I definitely want kids. Not to fill some void or to carry on my genes, I'd be fine with adoption, I just wants kids. I love kids, I babysat a lot in high school, and I know it's not the same as having your own, but it taught me a lot, and I think I'd be pretty good at it. I'd need to clear out some issues first, and probably have a husband who's more well-balanced than I am, but yeah, I want kids. I'd be a good mom.


Not for SEVERAL more years though.


----------



## Keith (Aug 30, 2008)

I don't want kids right now but who knows how I'll feel in 5/10 years maybe I'll meet some great girl and have a great job and life and stuff, and maybe I'll want kids then. Not likely but its not outta the realm of possibility.


----------



## mooncake (Jan 29, 2008)

I really don't know. My feelings about having kids change a lot - on the one hand I feel there are already way too many people in the world so I shouldn't be contributing to the problem by reproducing myself. I'm also terrified at the thought of being so responsible for another person and I worry that I wouldn't be able to give my child what they deserve in life, because of my own problems. Due to having had a fairly bad upbringing, I fear that I won't know how to be a good parent, although I think I've learnt a lot about how _not_ to parent by my experiences and I'm very aware of the essential things I feel I missed out on during childhood, so I would try my hardest not to let the same happen to my own child.
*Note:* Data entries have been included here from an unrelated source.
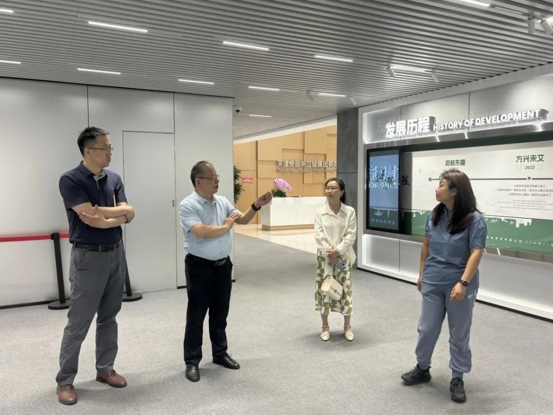 访问期间,赵相宾院长一行在天津食品供应链集团副总经理及研发中心团队的陪同下,参观了企业的物流仓储、鱼类加工及工业互联网二级节点技术平台,并开展了座谈会。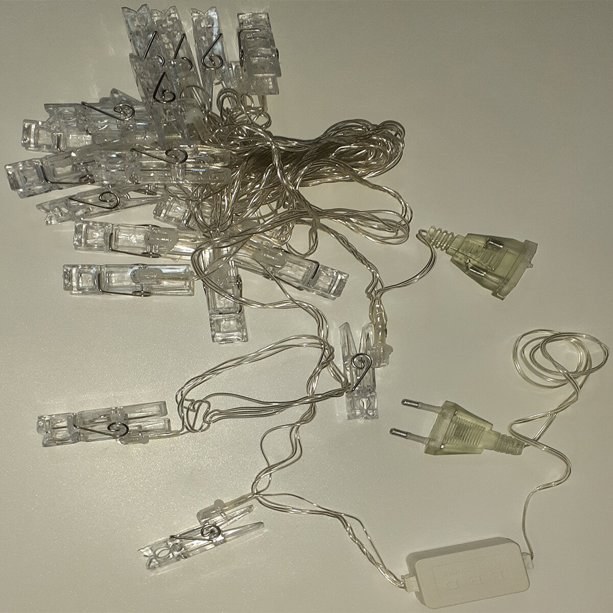 | Комплектация | электрогирлянда на светодиодах с прищепками, прозрачная коробка из пластика |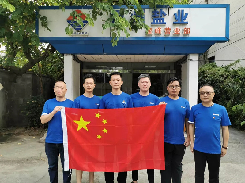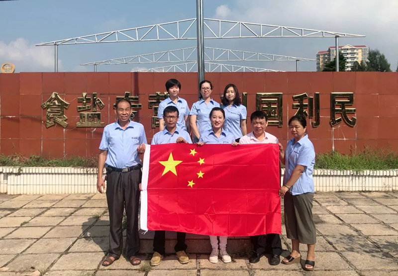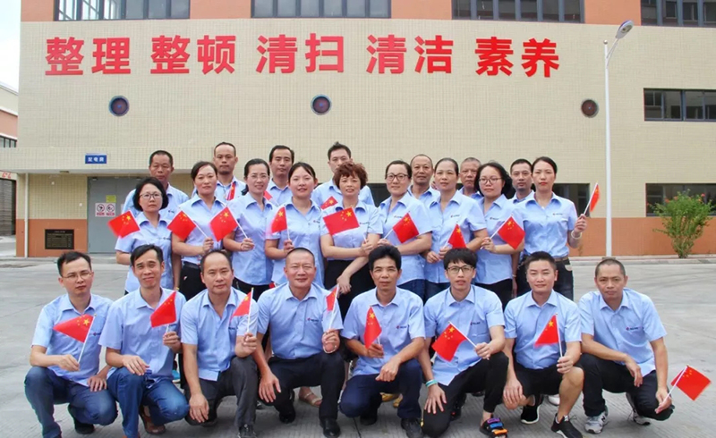 圖為福建省泉州晶海輕化有限公司員工與國旗合影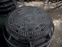球墨铸铁井盖的生产流程 1.原材料控制: (1).生铁:每批生铁进厂必须进行检测,合格后方可入库,如不合格拒绝使用。 (2).检测频次:30吨以下每批三个样品,30吨以上每批五个样品。 (3).回炉料:为了确保产品质量稳定,回炉料的投放严格控制在30%的比例之内。 2.熔炼方法(球墨铸铁井盖、井圈) (1). 1.5吨双频电炉熔炼:出炉温度在1400--1500℃ (2). 每包铁水重量:1500kg/包 (3).稀土镁合金加入量1.4%-1.6% 3.控制方式 (1).每包铁水球化之前检测一次出炉温度,控制范围1400-1500℃。 (2).每包铁水球化完毕后,检测一次铁水温度,控制范围在1360℃以上。 (3).每日进行原铁水1—2个样品的五元素检测,用以控制铸件材质及炉料回收使用的稳定性。 (4).每包铁水浇注控制时间长为10分钟(球化反应后)超过此时间作为报废处理。 (5).每包铁水浇注完毕后,将事先预制标牌(上面刻有该包次的序号)插入该包浇注的铸件的浇口杯中,用以防止不同包次混淆。 (6).每包铁水浇注后期制作抗拉试棒毛坯,作为一个检验批次,做机械性能、金相组织及硬度的检测。 (7).落沙时,根据号牌分别堆放,不同包次不能混淆,等待试棒及金相的检测结果。 (8).试棒机械性能结果合格后,通知车间清理。发现不合格包次,依照标志牌号码逐个报废。 4.井盖的检验:严格按照检验标准执行。 (1).外观:无明显铸造缺陷,图案清楚,字迹清晰。 (2).平度检验:用专用胎具检验井盖的平度。 制作一个直径为产品尺寸,深度37mm的胎具,上述尺寸通过机加工而成,井盖放在胎具中,不能有晃动及响声,井盖不得高于胎具,深度(37mm)配合间隙在3mm。 (3).承重载荷采用抽检方式:在压力机做试压试验,井盖承压360KN或210KN确认合格批次。 5.井圈检验 (1).外观:无明显的铸造缺陷。 (2).用专用工具检测井圈直径,控制范围直径在井盖尺寸,深度40mm,螺栓孔要用专用检具逐检。 6.配合及喷漆检测: 井盖与井框配合组装要平,不晃动、无声响,盖与框高低配合不超过1mm。井盖(圈)喷漆均匀,无锈斑。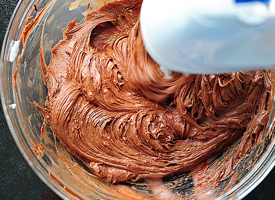 Για την κρέμα σοκολάτας, σε ένα μεγάλο μπολ «χτυπήστε» με το μίξερ χειρός το τυρί κρέμα, μέχρι να γίνει αρκετά απαλό και αφράτο.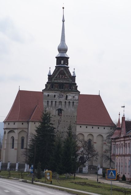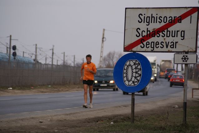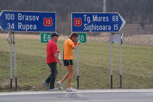 We arrived at the famous city of Sighisoara. The historical center, on a promontory surrounded by ramparts, is in the process of being renovated. This medieval city is a UNESCO World Heritage Site. Serge had a good day and at the first refueling he began joking with Bertrand and Daniel. He tells me he enjoyed the scenery the second part of the stage. Originally German, the villages has different appearance from what we have seen up to now. The sign to Sighisoara is tri-lingual: Romanian, German and Hungarian. Vive l’Europe!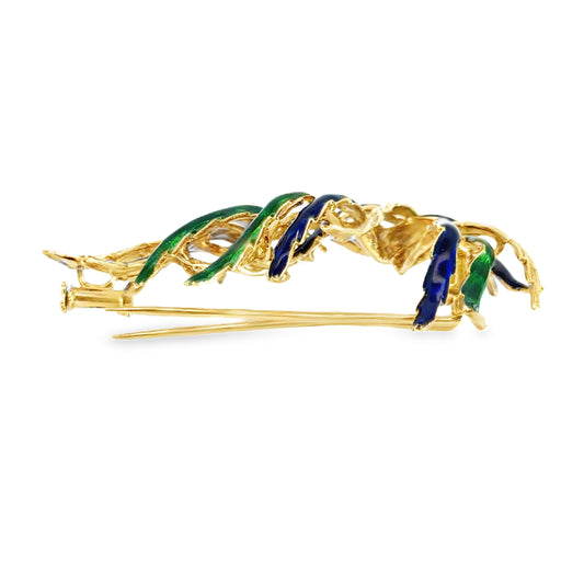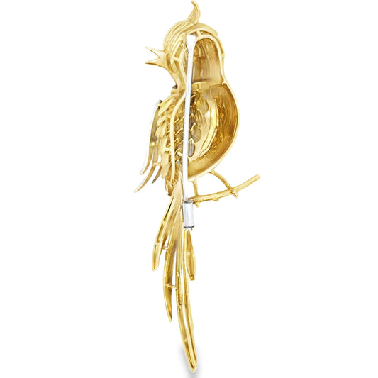 18K Yellow Gold Multi-Color Bird Perched on a Branch Brooch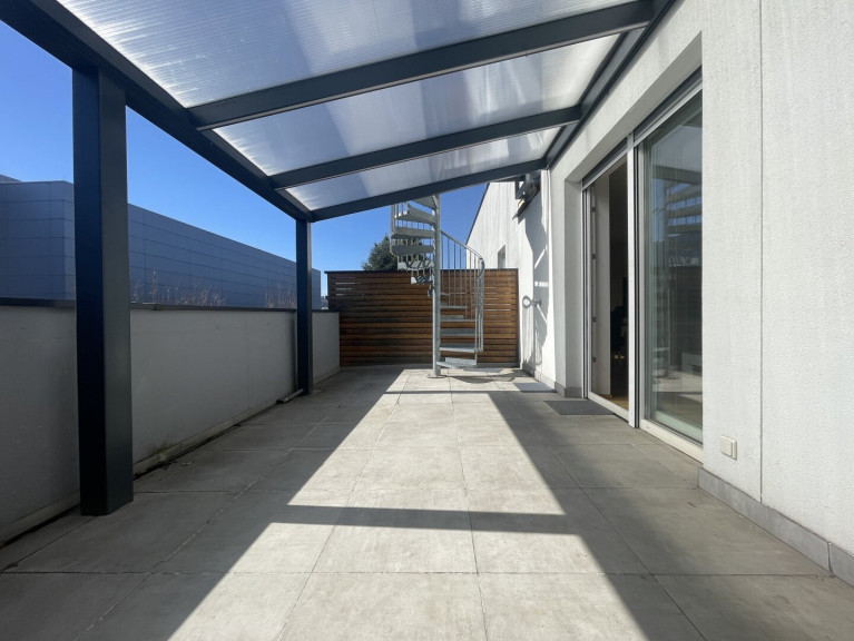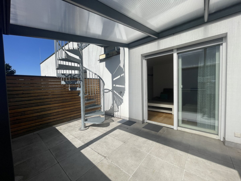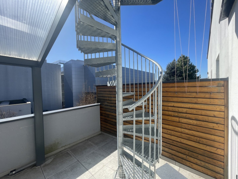 Wendeltreppe die einzigartige Dachterrasse mit Rundumblick. Diese Wohnung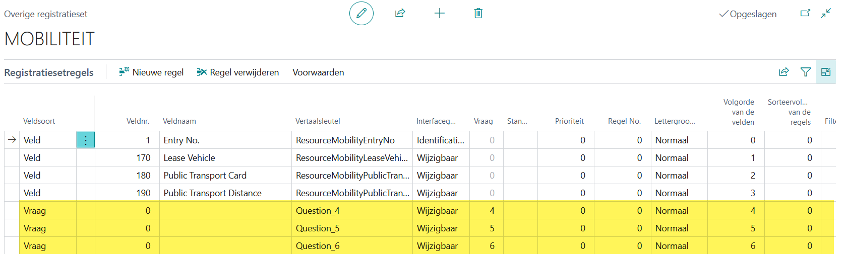 Voeg dan per vraag een regel toe aan de overige registratieset: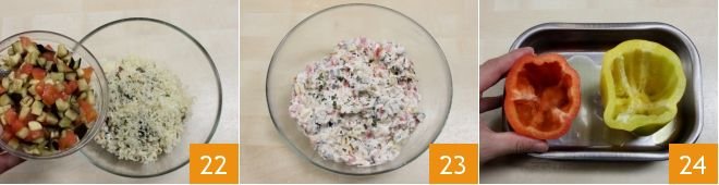 At this point, also add the cubes of eggplants and tomatoes 22 and mix all the ingredients well 23; you can add pepper to your liking. Take a small baking dish so that the peppers are close together, pour a drizzle of oil on the bottom and place the pepper shells in it 24.

On the other hand - probably now that I'm in a solid, happy relationship, I can see the appeal of raising a family together with someone. But whatever happens in the future, there's no way I would even consider having a child within the next 8-10 years at least, and certainly not until I was financially and emotionally stable and had also been in a relationship for at least 5+ more years. Being out with my boyfriend and seeing babies does sometimes make me feel sickeningly broody sometimes though, even though I in no way actually desire kids of my own any time soon. Damn hormones. :x


----------



## Scrub-Zero (Feb 9, 2004)

No kids, and my girlfriend doesn't want any either. I'm too ****ed up to be a father anyway.


----------



## so_so_shy (Sep 5, 2005)

I want to have kids when i am financially stable enough to do so.


----------



## bsd3355 (Nov 30, 2005)

I want kids but ONLY with someone I really care about, and it needs to be planned.


----------



## Hadron92 (Apr 17, 2009)

I don't think I'd be a good parent hence I don't want kids. Though I also think it's got something to do with the fact that I detest having responsibilities.

My parents' reaction was telling me that "not wanting to have kids is unnatural". And for once in my life, I agree with them. All living things should aspire to spread their genes all over the place...But, well, screw this - since when have I ever acted "naturally"? I don't see Why I should make special exceptions on this issue.:roll


----------



## Your Crazy (Feb 17, 2009)

Hadron said:


> All living things should aspire to spread their genes all over the place.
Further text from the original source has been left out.